Do you know what really grinds my gears? Changing rooms. If they aren’t filled with screeching children peeking under the doors as their haggard parents scream expletives, there’s always the middle aged attendant asking if you would possibly like the size up after wrestling for half an hour with the zip. Worst of all the curtains rarely reach the edges giving unsuspecting passers-by an unannounced glance of half an arse cheek. The locks don’t work, the doors are too small, the curtain hooks are broken and a complete stranger walked in on you starkers attempting to escape the irate and expansive queue.
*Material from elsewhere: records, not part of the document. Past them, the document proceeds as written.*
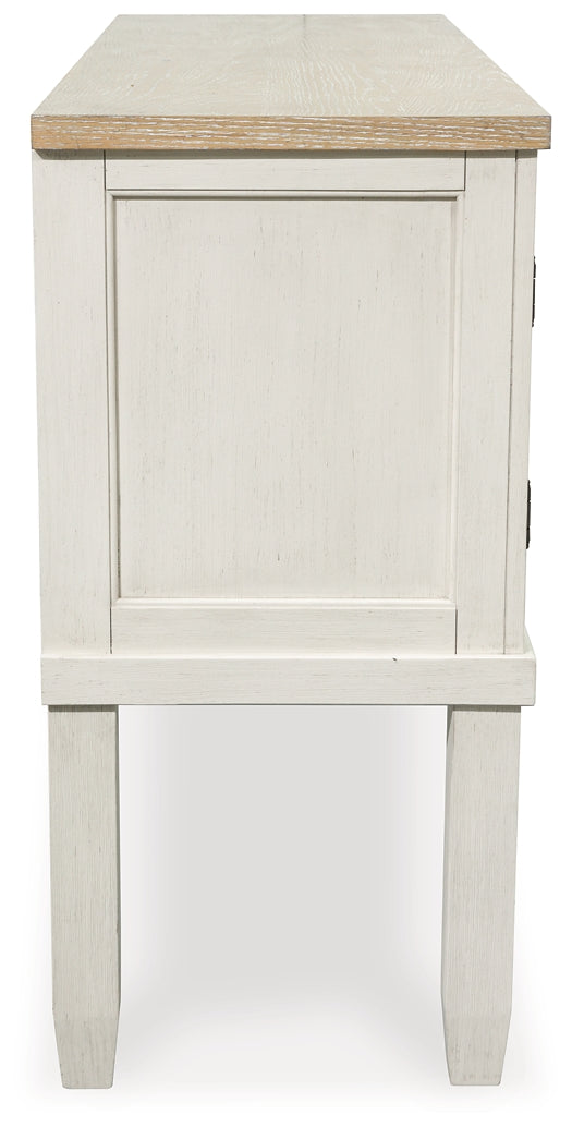 This dining server elevates the art of modern farmhouse design. Its two-tone aesthetic blends antiqued white and light grayish brown for a charming finish. Two windowpane doors with adjustable shelves and dark rustic bar pulls convey a feeling of relaxed comfort. Now your only worry is what to serve for dinner.
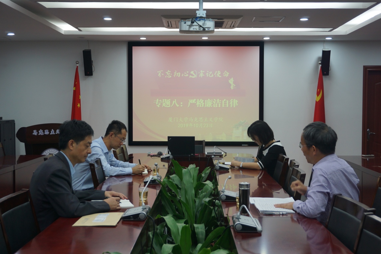 2019年10月23日晚,我院党委在囊萤楼302会议室开展“不忘初心、牢记使命”主题教育第八专题集中学习,学习围绕专题“严格廉洁自律”展开,院党委书记侯利标,常务副院长、党委副书记张有奎,副院长张艳涛参加此次学习。
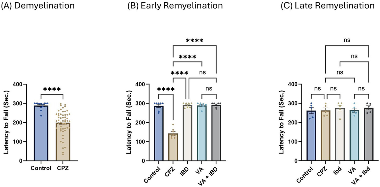 Latency to fall measured using Rotarod test. (A) Latency to fall in week 5 of demyelination measured in control and CPZ group. (B) Latency to fall of control, CPZ, IBD, VA, and VA + IBD measured in week 7 of early remyelination. (C) Latency to fall of control, CPZ, IBD, VA, and VA + IBD measured in week 9 at late remyelination. Data in (A) was analyzed by unpaired two-tailed t test. Data in (B,C) was analyzed using one-way ANOVA followed by Tukey’s multiple comparisons test. Data was presented as mean ± SEM, and p < 0.05 was considered significantly different. ns, non-significant; *p < 0.05, and ****p < 0.0001. Sec., second.
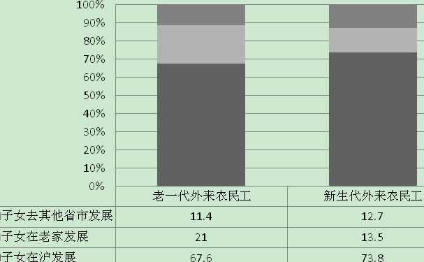 在已生育子女的本市外来农民工中,期望子女来沪读书、生活、发展事业的占69.2%,希望在老家生活的占19.1%,希望去其他省市发展的占11.7%。其中80后新生代农民工父母期望子女来沪发展的比重(73.8%)高出平均水平4.6个百分点(见图2)。
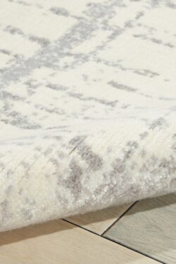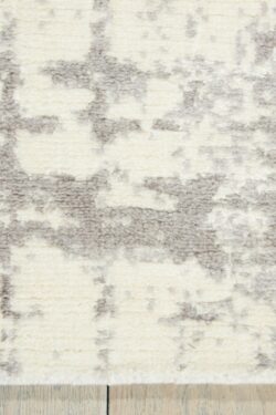 Stunning striations in scintillating ivory and abalone create a focal piece rug in superb modern neutrals. Visually engaging yet subtle, and imbued with a gentle luminosity, this masterwork textile brings design sophistication to the contemporary or eclectic room.
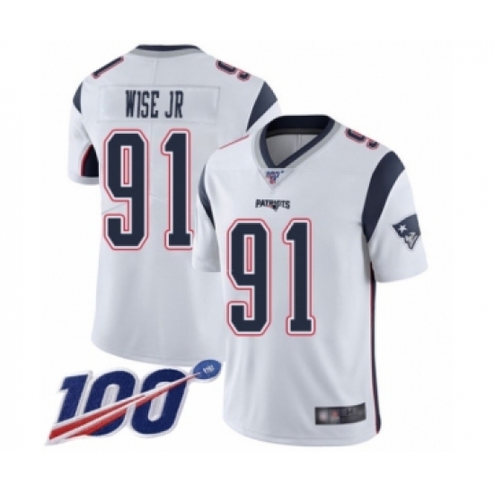 Men's New England Patriots #91 Deatrich Wise Jr White Vapor Untouchable Limited Player 100th Season Football Jersey
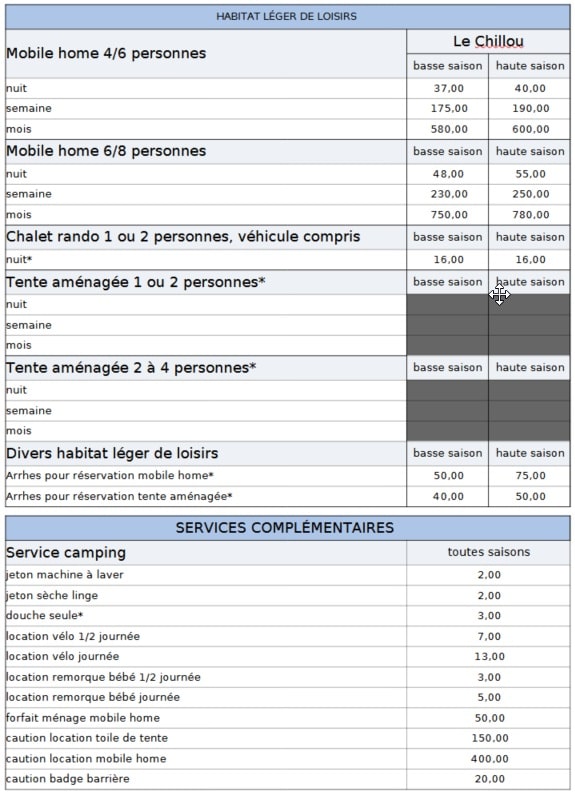 Dépôt de glace, Location de bungalow / HLL, Location de mobil home, Location de vélos/VTT, Nettoyage / ménage, Terrain fermé la nuit, Wifi
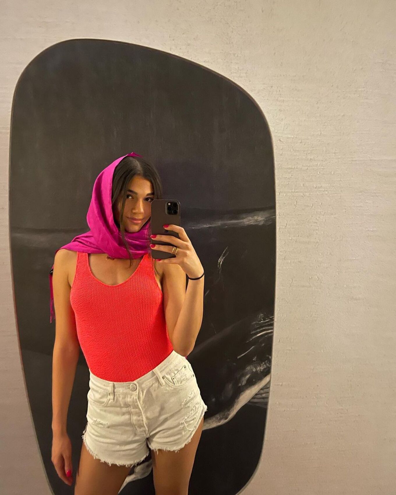 Φορώντας μία μωβ μαντήλα στο κεφάλι πόζαρε χαμογελαστή στον καθρέφτη της και απαθανάτισε τον εαυτό της με την κάμερα.
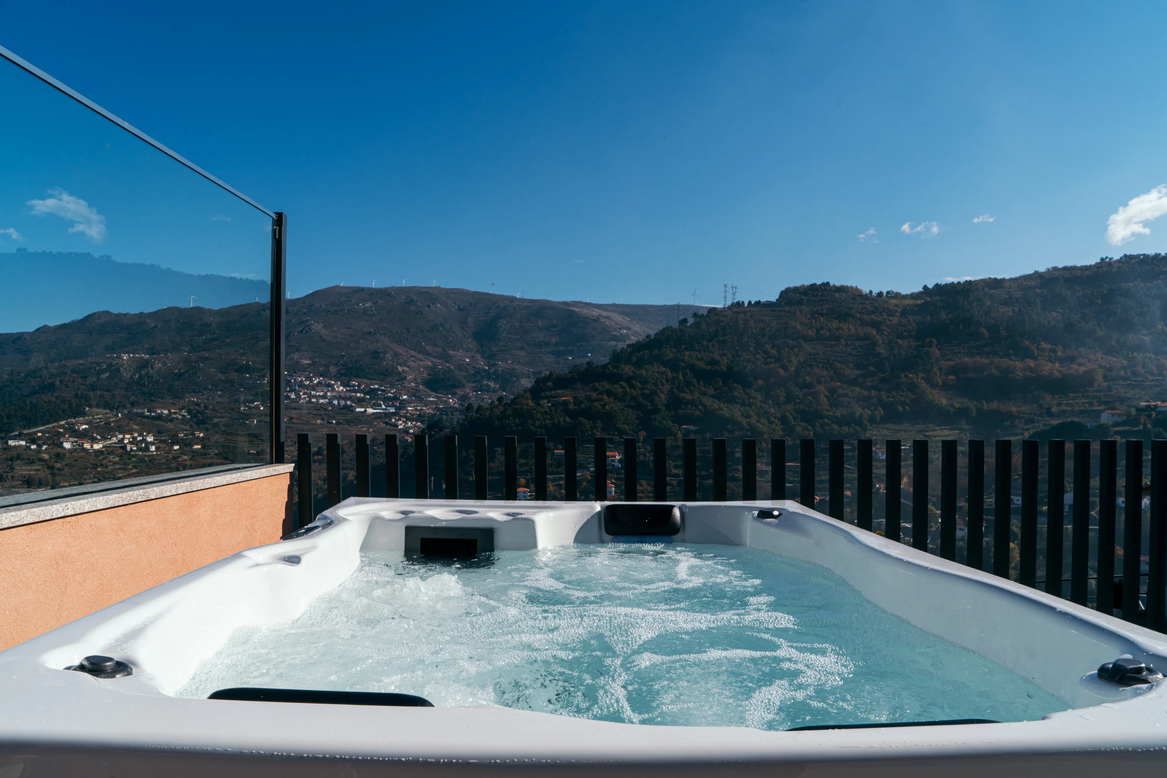 Na zona mais alta, encontramos esta Villa generosamente dimensionada e contemporânea em estilo elegante e confortável, com vistas panorâmicas privilegiadas que remontam para a tranquilidade e recolhimento das montanhas que nos seduzem e convidam em todas as épocas do ano. Apresenta um layout diferente com 82 metros quadrados com banheira de hidromassagem, banho turno, cadeiras de relaxamento e área de jantar. Com entrada exterior independente através de escadas de granito, produto endógeno do Concelho.
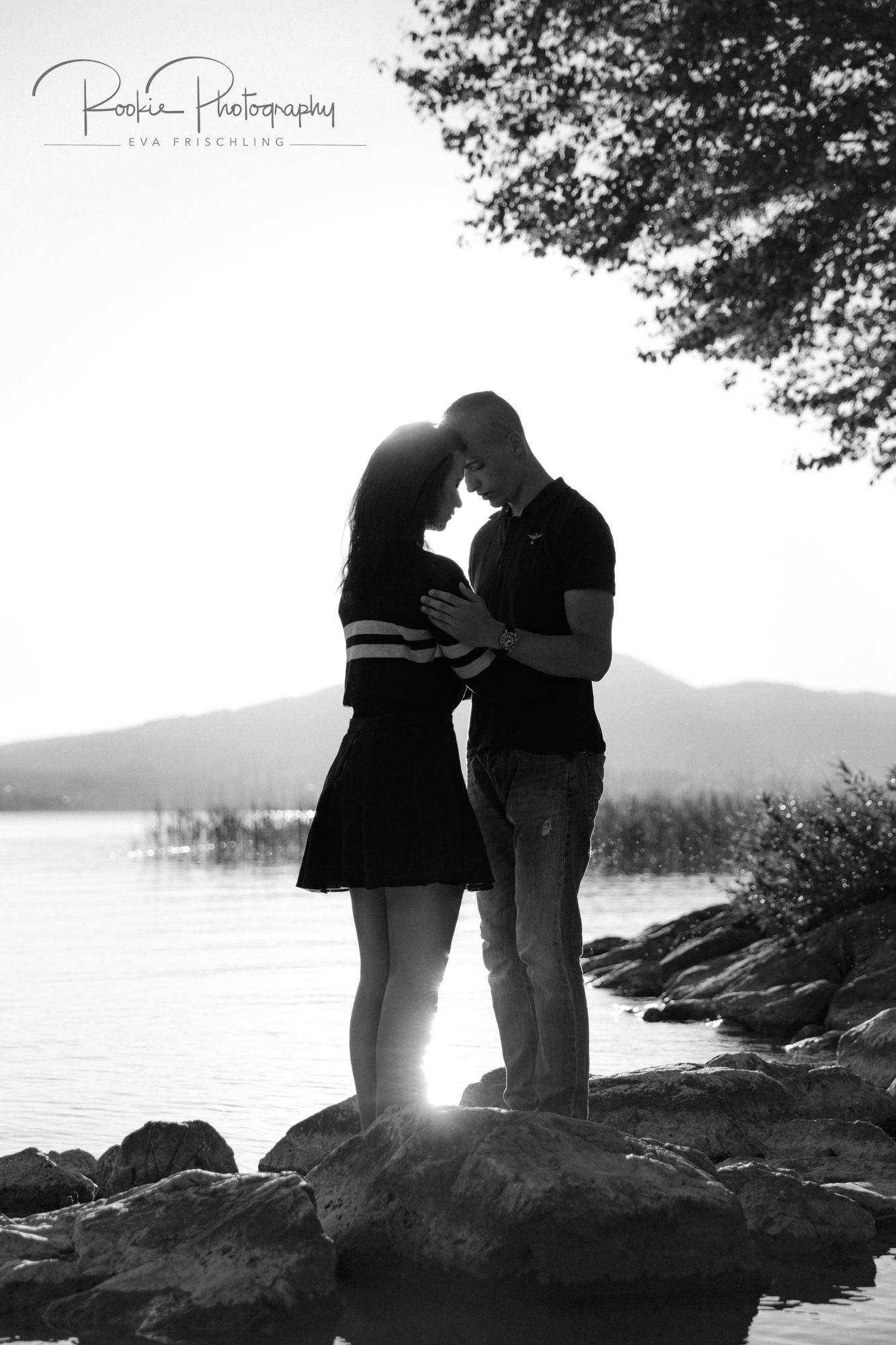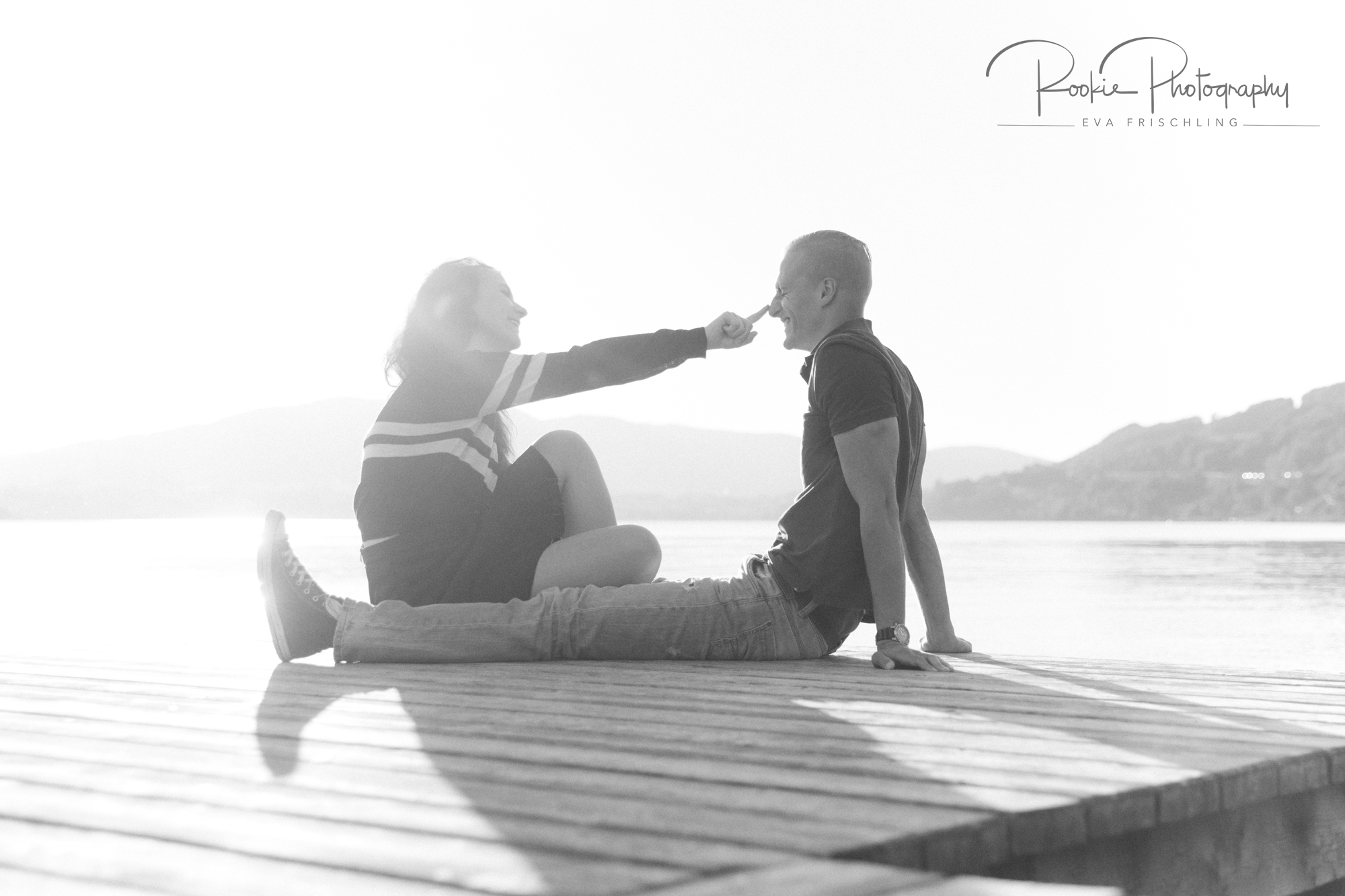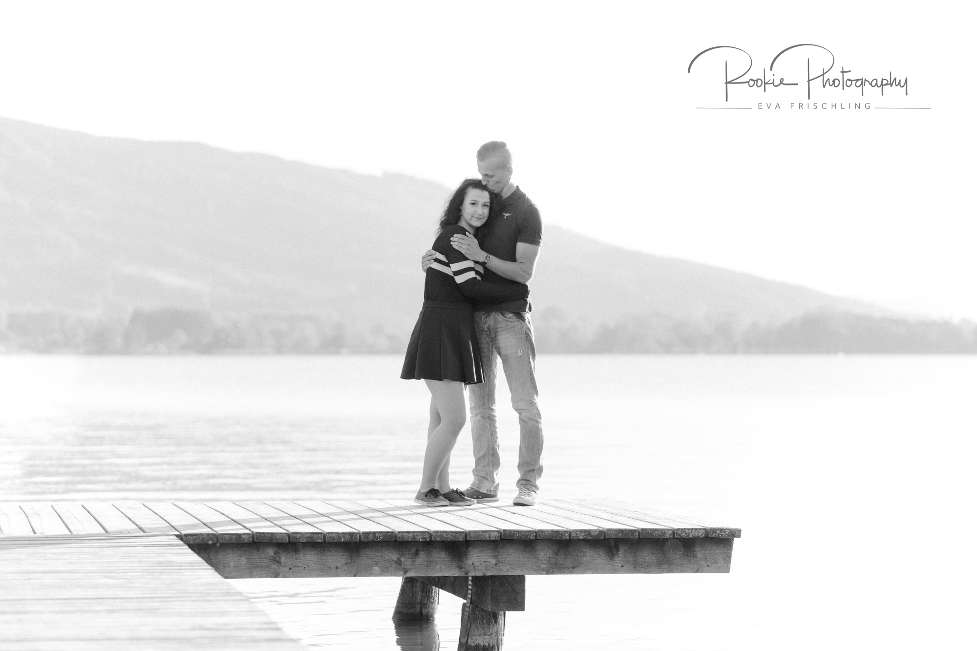 Einige Wochen später, Mitte Juni, fuhren wir dann gemeinsam zum Mondsee und machten dort bei unglaublich schönem Abendlicht absolut kitschige Bilder. Da die Zwei zusammen schon so unbeschreiblich süß sind, und dieses absolut kitschige Abendrot dann doch irgendwie zu viel Kitsch für meinen Geschmack war, machte ich kurzerhand eine Schwarzweiß Serie daraus.
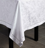 Acanthus leaves are jacquard-woven onto fine, long-staple cotton for an elegant, all-over pattern. Available in bold and neutral colors, this tablecloth, napkin and placemat collection is perfect for any occasion.
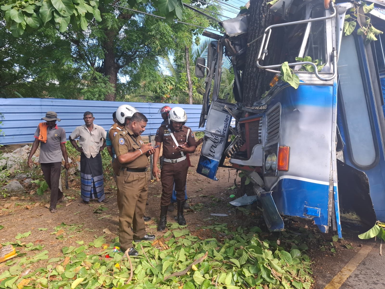 இந்த விபத்து இடம்பெறும் போது பேரூந்தில் பஸ் சாரதியும் உதவியாளர்கள் இருவரும் இருந்துள்ள நிலையில் மூவரும் காயமடைந்து வைத்தியசாலையில் அனுமதிக்கப்பட்டுள்ளனர். விபத்தில் காயமடைந்தோர் பாண்டிருப்பு களுதாவளை பகுதியை சேர்ந்தவர்களாகும். விபத்தில் பேரூந்து பாரிய சேதத்துக்குள்ளான நிலையில் வம்மி மரமும் முறிந்து வீதியில் விழுந்துள்ளது.
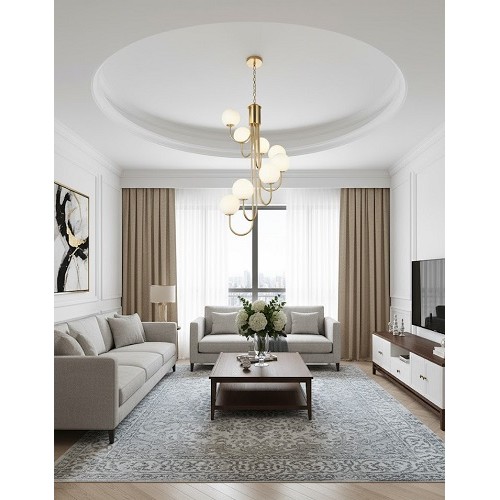 Cu dimensiuni de mm, lustra are un format suspendat care pune în valoare înălțimea camerei, devenind un element decorativ central.
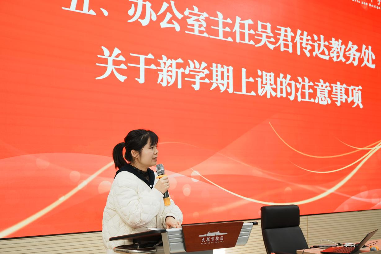 最后,院长苟秉宸总结讲话,“一年之计在于春,一日之计在于晨”,新学期、新希望、新征程,他号召所有老师在春季学期凝聚共识、团结合作,一起携手踏上教学评建、专业建设、招生就业、师资队伍建设、毕业设计展等各项工作的奋斗征途,为学院的高质量发展贡献力量!
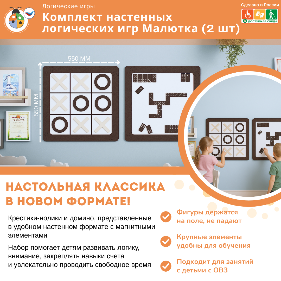 Комплект настенных логических игр Малютка (2 шт) предназначен для детей дошкольного и школьного возраста. Состоит из всеми известных игр: крестики-нолики и домино. Выполнен из экологически чистых материалов и безопасен для детей.
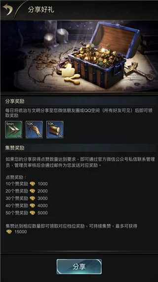 按要求分享可获得丰厚奖励,邀请你的好友可以一同帮助、成长以及抵御其他联盟的攻击、或者相反、你可以与你的好友一起掠夺其他联盟的资源
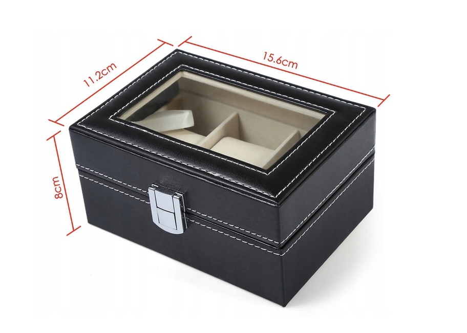 Элегантная коробка для часов имеет 3 отделения, в которых можно разместить не только часы, но и другие украшения. Кейс имеет элегантный черный цвет и белые швы, крышка футляра прозрачная. Внутренняя часть коробки выполнена из мягкого материала. Органайзер оснащен съемными подушечками, защищающими от царапин. Возможность их снятия означает, что вы также можете хранить там браслеты, ожерелья, кольца, серьги. Отсеки отделены друг от друга более высокими стенками, что защищает хранящиеся аксессуары. от нежелательного контакта, который может привести к разрушению.
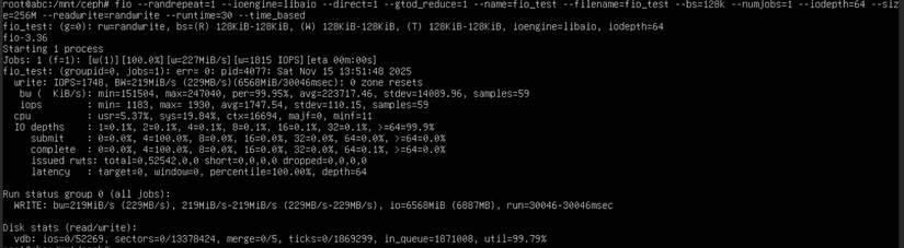 Ceph cho kết quả BW=229MB/s IOPS=1748
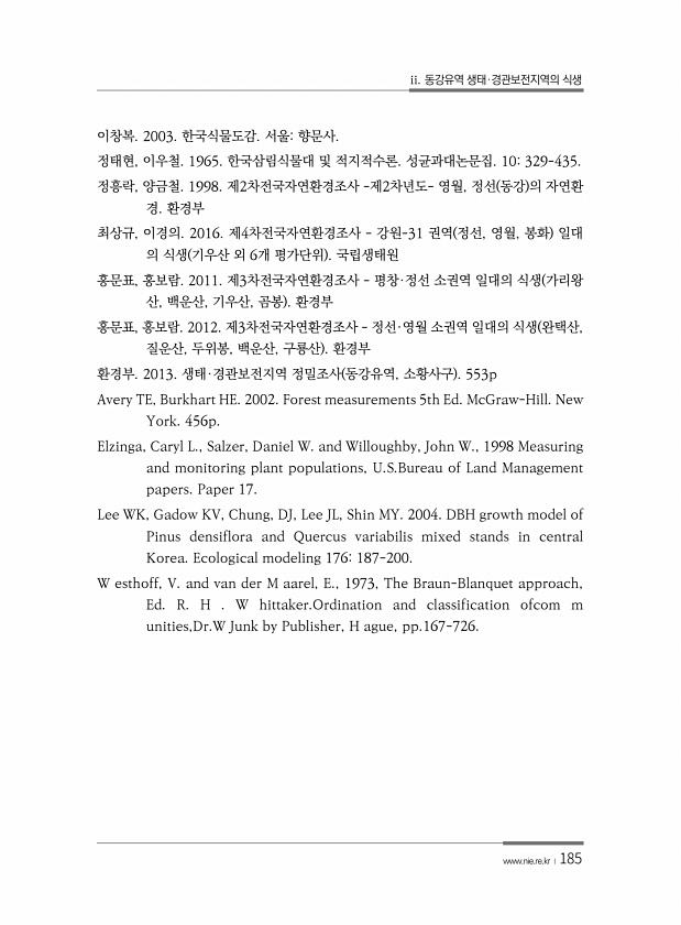 ii. 동강유역 생태·경관보전지역의 식생 www.nie.re.kr ?185 이창복. 2003. 한국식물도감. 서울향문사. 정태현, 이우철. 1965. 한국삼림식물대 및 적지적수론. 성균과대논문집. 10329-435. 정흥락, 양금철. 1998. 제2차전국자연환경조사 -제2차년도- 영월, 정선 동강 의 자연환 경. 환경부 최상규, 이경의. 2016. 제4차전국자연환경조사 강원-31 권역 정선, 영월, 봉화 일대 의 식생 기우산 외 6개 평가단위 국립생태원 홍문표, 홍보람. 2011. 제3차전국자연환경조사 평창·정선 소권역 일대의 식생 가리왕 산, 백운산, 기우산, 곰봉 환경부 홍문표, 홍보람. 2012. 제3차전국자연환경조사 정선·영월 소권역 일대의 식생 완택산, 질운산, 두위봉, 백운산, 구룡산 환경부 환경...

Now perhaps this is a slightly biased female perspective, men seem to enter a shop and be one of three sizes S, M L, no trying on necessary, pick a size and Bob’s your uncle, whoever he may be. Women do not only have their size to worry about, it’s the shape of your size. Are you a 34DD top heavy with spindly size 6 legs? Do you have the classic patronisingly ‘British pear shape,’ tiny wee breasts with nicely rounded hips and bum that friends reassure you is just like J-Lo? This is before we’ve even got on to ‘styling for your shape,’ a term so endeared to by all those television ‘stylists’ who grab their victims wobbly bits in front of a mirror, smile smugly as they weep hysterically about their lack of self esteem, and fix their lifetimes insecurities with an A line skirt. While Gok Wan proudly parades stretch marks and cellulite around shopping centres across the UK, I’m not so sure we should be subject to this when minding our own business on the high street.
Fancy stores are no better, heavy curtains and human sized doors they may have, but when you ask the dopey weekend girl to hold on to the tights you can’t take in, they mysteriously disappear by the time you exit the fitting rooms, hot and bothered, red in the face, giving up on the whole idea. Who needs new clothes anyway?